This morning, NASA astronaut Mark Vande Hei came back from the International Space Station to Earth in an interesting vehicle: a Russian Soyuz capsule, along with two Russian cosmonauts.
Previously, it was a norm for NASA to regularly contract the Russian space agency, Roscmosmos, to fly its astronauts from the ISS. But as Russia’s invasion of Ukraine has taken a toll on the relationship between the two countries and it almost seems like the relationship is at its breaking point, there have been speculations on what would these missions look like now.
Fortunately, it seems like things are fine.
“Probably the last time Americans and Russians fly together in space for a long time, but Roscosmos was professional and classy with Mark’s return,” wrote NASASpaceFlight editor Chris Berger after the successful landing in Kazakhstan this morning.
NASA officials have repeatedly stressed that even though there are some solemn tensions in the international arena, the collaboration between Russia and the United States on the ISS remains smooth.
“For the safety of our astronauts, the working relationship between NASA and our international partners continues,” NASA administrator Bill Nelson said earlier this week. “And that includes the professional relationship between the cosmonauts and our astronauts.”
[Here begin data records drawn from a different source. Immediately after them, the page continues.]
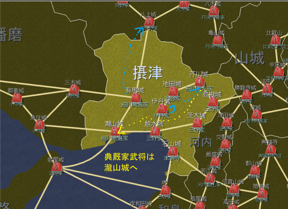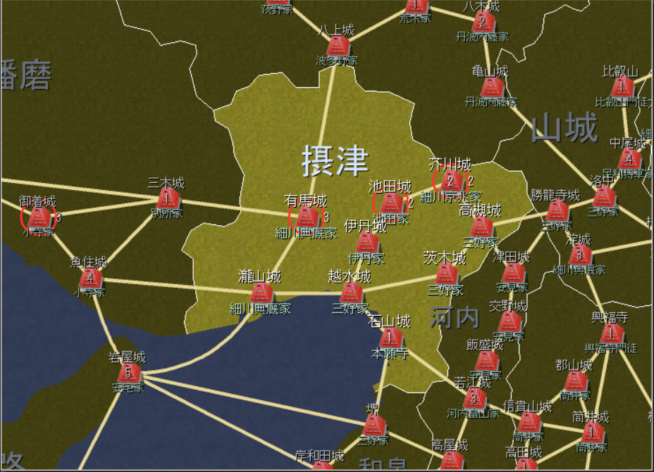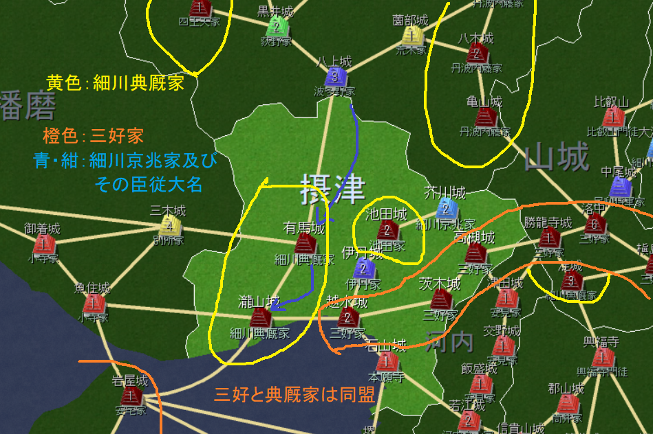 - 三好家は初期段階で3つ(本体らがいる山城-摂津、安宅家ら淡路-和泉、そして画像には入らない阿波)に分かれている。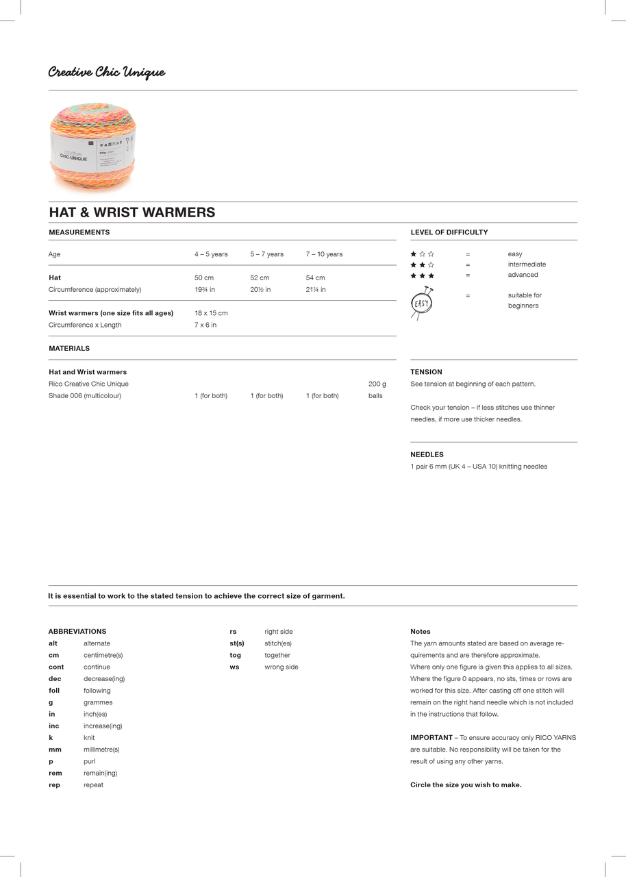 Hat & Wrist Warmers in Rico Creative Chic Unique (1026) - PDF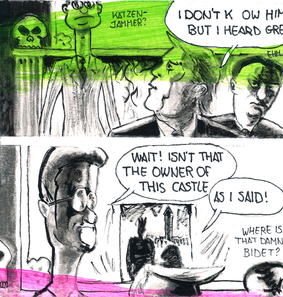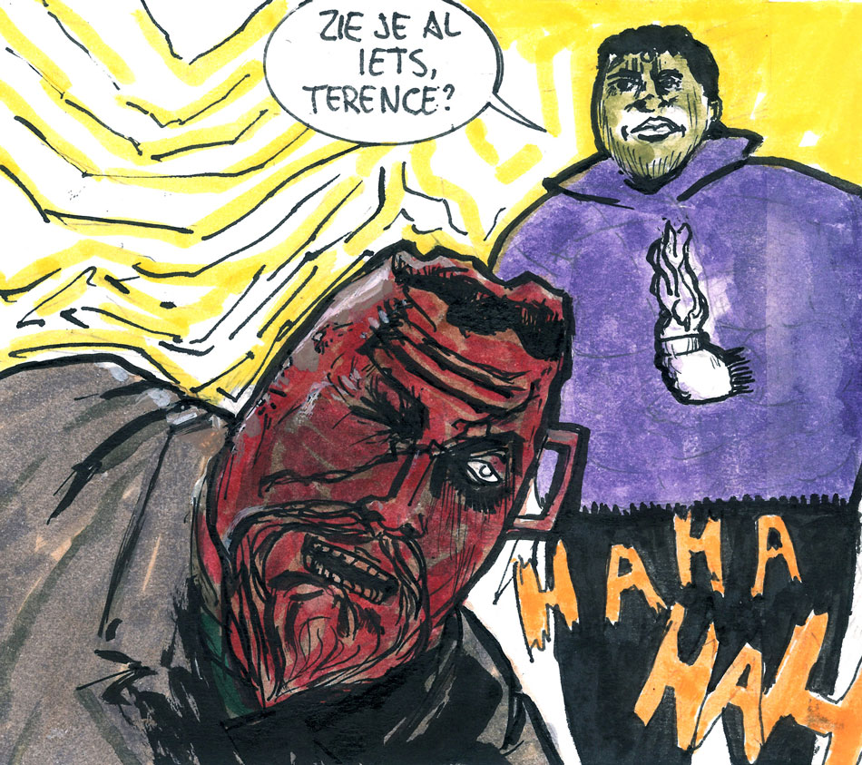 Marcel van Breda's recurring feature in Project Uhm... was 'Jaws Ontheground', about the rise and fall of a master criminal. Among his other contributions to the zine were 'Sjaan Opendown' (a spin-off about one of the prostitutes from the Jaws comic), 'Grote Ogen' (about a cat who gets stuck behind a fence) and 'Zombie' (about someone who is so stoned that he almost falls apart), as well as the scripts for a couple of gags about a teacher, drawn by Jochen Markhorst. Together with Gerben den Heeten, he briefly returned to comics in 1995 with the one-shot comic 'Het Projekt', for which he created the autobiographical stories 'Depressum Requiescat' (drawn by Koen Brosens) and 'Kots' (drawn by himself), dealing with his life in Amsterdam's alternative art and drug scene.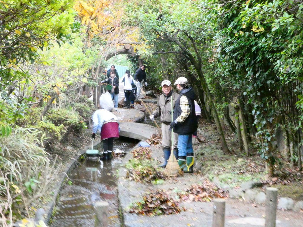 秋の町ぐるみ大清掃 朝から霧雨の中、北金目の大久保地区では午前8時少し前から自治会役員や各種団体、子ども育成会と子どもたちが割り当てられた自治会会館、神社、せせらぎ水路などに帚や塵取り、ビニール袋をもって集まり、午前8時から清掃開始。人から指示されることなく手際よく、ごみ(空き缶・瓶類・プラごみ)を拾い集めて分別し、更に多量の落ち葉を掃き集めて大掃除をしました。また写真を撮って帰る頃には各家の前の道路もきれいに清掃されていました。 みんなで一緒になって清掃する町は、町も住人の心も清いと感じます。このような町で生活できることに幸せを感じるとともに感謝しています。(Y.Y) | ||

“I was just enraged that he, the [cosmonauts], said that they were going to leave an American crew member behind,” says the former NASA astronaut Scott Kelly.
Nelson’s counterpart in the Russian space program, Dmitry Rogozin, hasn’t echoed NASA’s even-tempered tone. Instead, he’s released a series of statements that have alternated between weird tones.
At the landing site in Kazakhstan, though, it sounds like everything stayed professional.